- **WORK INSTRUCTIONS**
Records follow. Print exactly the lines from the one that has "Justyna Zabinska-La Monica" through the one that has "当前位置: 首页 >陕西省西安市纹身店-天瞳刺青处纹身图案>狮子踢足球纹身图片", inclusive, and omit the pictures.

- **RECORDS PROVIDED**
┏━━

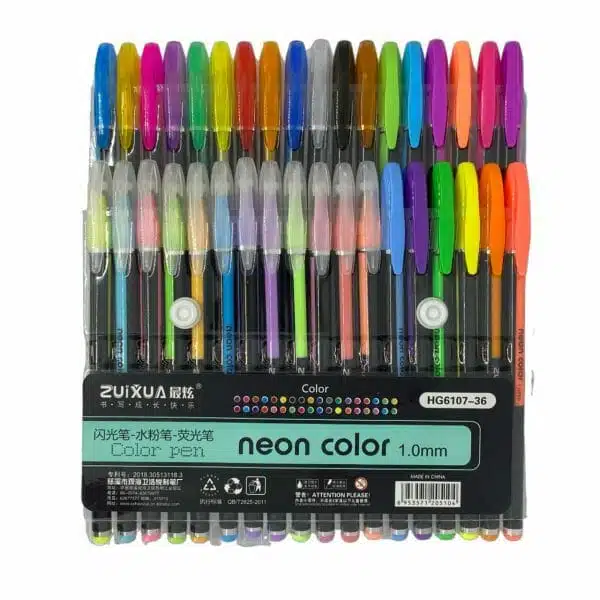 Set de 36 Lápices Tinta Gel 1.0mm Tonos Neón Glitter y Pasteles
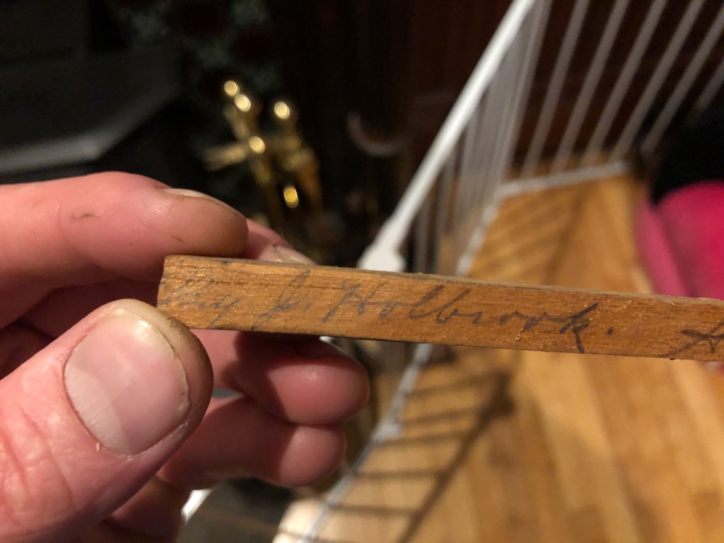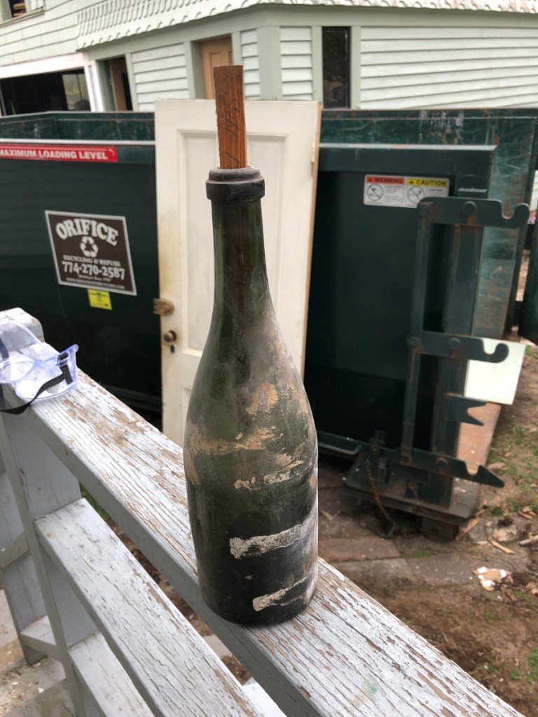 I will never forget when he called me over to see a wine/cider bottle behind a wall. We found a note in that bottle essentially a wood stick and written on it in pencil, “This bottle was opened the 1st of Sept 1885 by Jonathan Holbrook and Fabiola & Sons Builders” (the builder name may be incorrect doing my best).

┗━━
┏━━

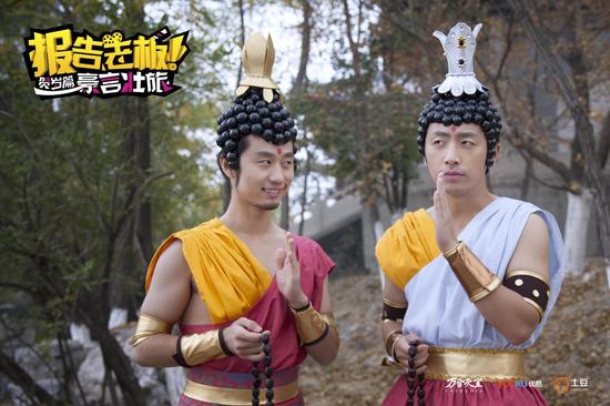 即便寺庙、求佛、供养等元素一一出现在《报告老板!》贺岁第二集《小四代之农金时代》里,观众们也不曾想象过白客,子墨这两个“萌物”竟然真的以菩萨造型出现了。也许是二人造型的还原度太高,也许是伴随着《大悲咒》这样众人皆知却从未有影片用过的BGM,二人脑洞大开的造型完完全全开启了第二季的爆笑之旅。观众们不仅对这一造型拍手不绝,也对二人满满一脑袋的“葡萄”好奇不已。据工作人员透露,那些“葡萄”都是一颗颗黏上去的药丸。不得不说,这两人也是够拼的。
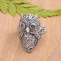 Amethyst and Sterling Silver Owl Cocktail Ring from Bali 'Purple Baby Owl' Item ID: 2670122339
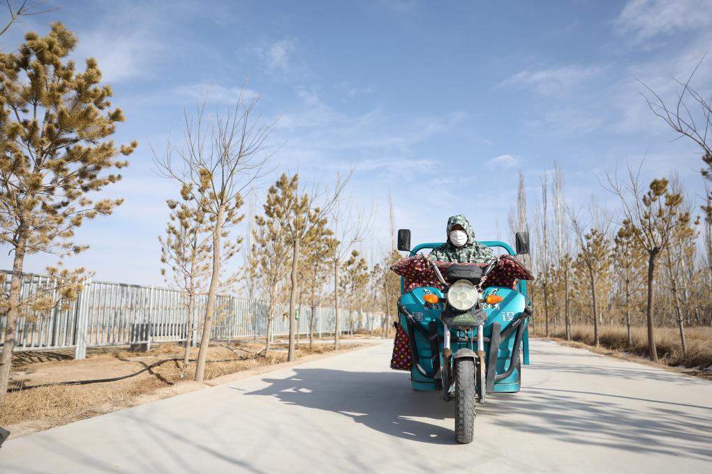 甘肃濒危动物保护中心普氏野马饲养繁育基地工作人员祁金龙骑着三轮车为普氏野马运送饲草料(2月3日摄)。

┗━━
┏━━

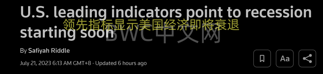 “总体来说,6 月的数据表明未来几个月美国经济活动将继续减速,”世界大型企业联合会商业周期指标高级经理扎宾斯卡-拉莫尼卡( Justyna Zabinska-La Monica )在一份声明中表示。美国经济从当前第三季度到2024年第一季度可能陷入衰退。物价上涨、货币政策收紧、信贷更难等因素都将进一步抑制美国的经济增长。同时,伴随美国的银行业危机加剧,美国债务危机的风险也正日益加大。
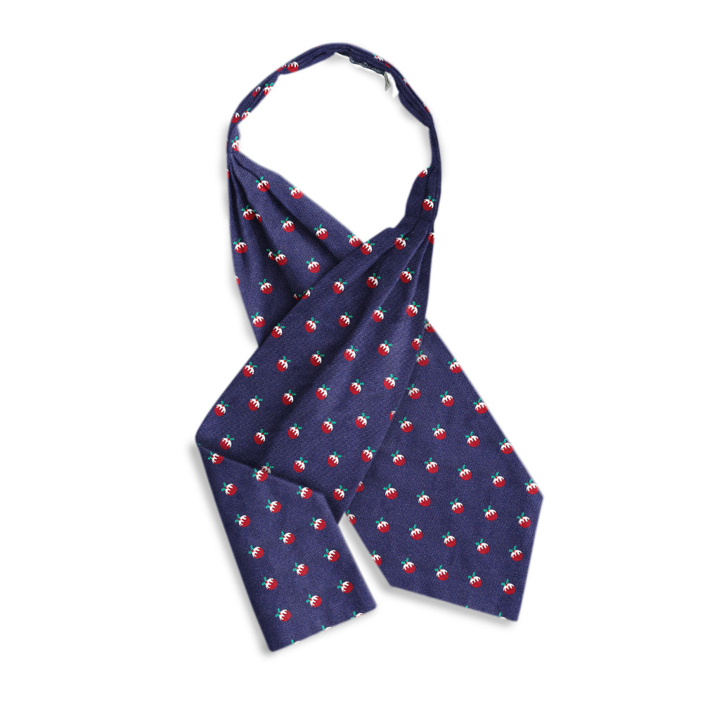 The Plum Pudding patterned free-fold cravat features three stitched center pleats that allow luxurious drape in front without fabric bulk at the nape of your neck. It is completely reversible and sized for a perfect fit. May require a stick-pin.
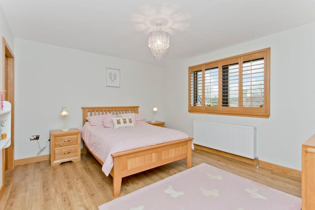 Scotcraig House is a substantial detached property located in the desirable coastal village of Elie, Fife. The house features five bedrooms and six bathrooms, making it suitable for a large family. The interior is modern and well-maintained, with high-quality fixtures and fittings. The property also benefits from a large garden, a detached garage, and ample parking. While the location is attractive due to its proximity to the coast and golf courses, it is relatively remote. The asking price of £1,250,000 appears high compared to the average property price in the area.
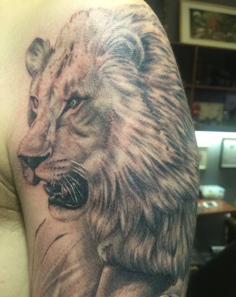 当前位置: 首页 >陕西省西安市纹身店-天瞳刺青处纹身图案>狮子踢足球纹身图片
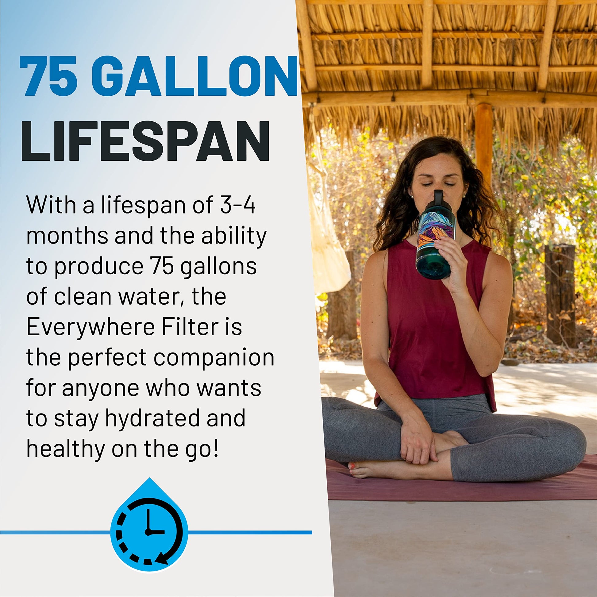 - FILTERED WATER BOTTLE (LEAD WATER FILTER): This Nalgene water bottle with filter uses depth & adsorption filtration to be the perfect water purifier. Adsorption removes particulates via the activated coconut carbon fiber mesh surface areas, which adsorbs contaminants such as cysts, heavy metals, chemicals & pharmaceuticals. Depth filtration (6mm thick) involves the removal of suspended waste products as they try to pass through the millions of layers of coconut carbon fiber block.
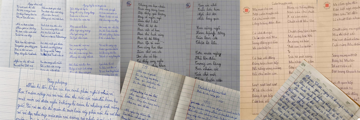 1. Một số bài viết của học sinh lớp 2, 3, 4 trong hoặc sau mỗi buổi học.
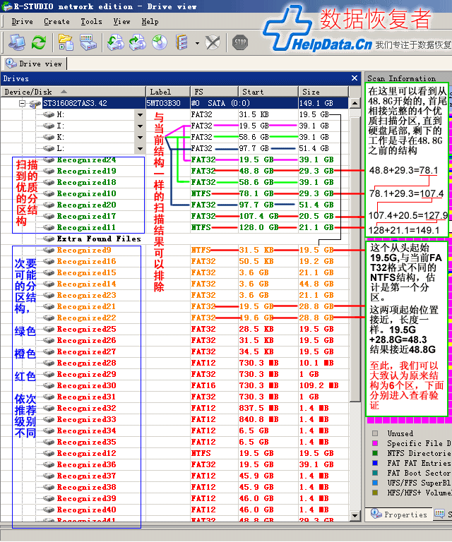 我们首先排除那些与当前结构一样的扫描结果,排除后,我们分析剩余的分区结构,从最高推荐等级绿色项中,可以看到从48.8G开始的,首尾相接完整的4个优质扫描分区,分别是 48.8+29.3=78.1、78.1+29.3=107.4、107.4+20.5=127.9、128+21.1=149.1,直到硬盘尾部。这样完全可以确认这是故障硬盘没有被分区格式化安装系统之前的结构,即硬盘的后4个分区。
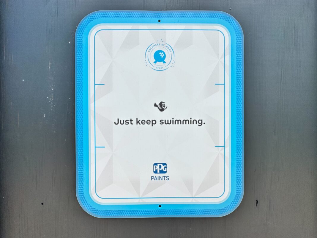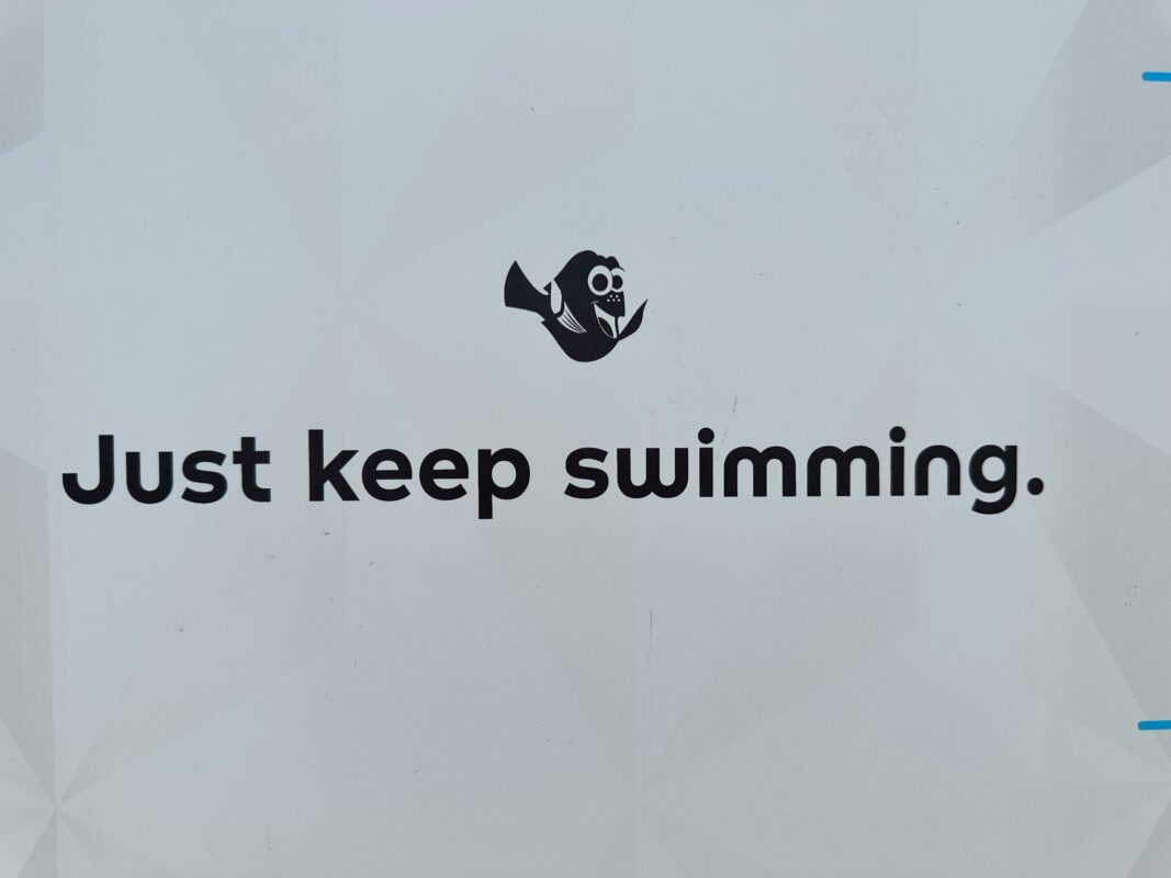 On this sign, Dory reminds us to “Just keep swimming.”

┗━━

- **ANSWER BOX**
 “总体来说,6 月的数据表明未来几个月美国经济活动将继续减速,”世界大型企业联合会商业周期指标高级经理扎宾斯卡-拉莫尼卡( Justyna Zabinska-La Monica )在一份声明中表示。美国经济从当前第三季度到2024年第一季度可能陷入衰退。物价上涨、货币政策收紧、信贷更难等因素都将进一步抑制美国的经济增长。同时,伴随美国的银行业危机加剧,美国债务危机的风险也正日益加大。
 The Plum Pudding patterned free-fold cravat features three stitched center pleats that allow luxurious drape in front without fabric bulk at the nape of your neck. It is completely reversible and sized for a perfect fit. May require a stick-pin.
 Scotcraig House is a substantial detached property located in the desirable coastal village of Elie, Fife. The house features five bedrooms and six bathrooms, making it suitable for a large family. The interior is modern and well-maintained, with high-quality fixtures and fittings. The property also benefits from a large garden, a detached garage, and ample parking. While the location is attractive due to its proximity to the coast and golf courses, it is relatively remote. The asking price of £1,250,000 appears high compared to the average property price in the area.
 当前位置: 首页 >陕西省西安市纹身店-天瞳刺青处纹身图案>狮子踢足球纹身图片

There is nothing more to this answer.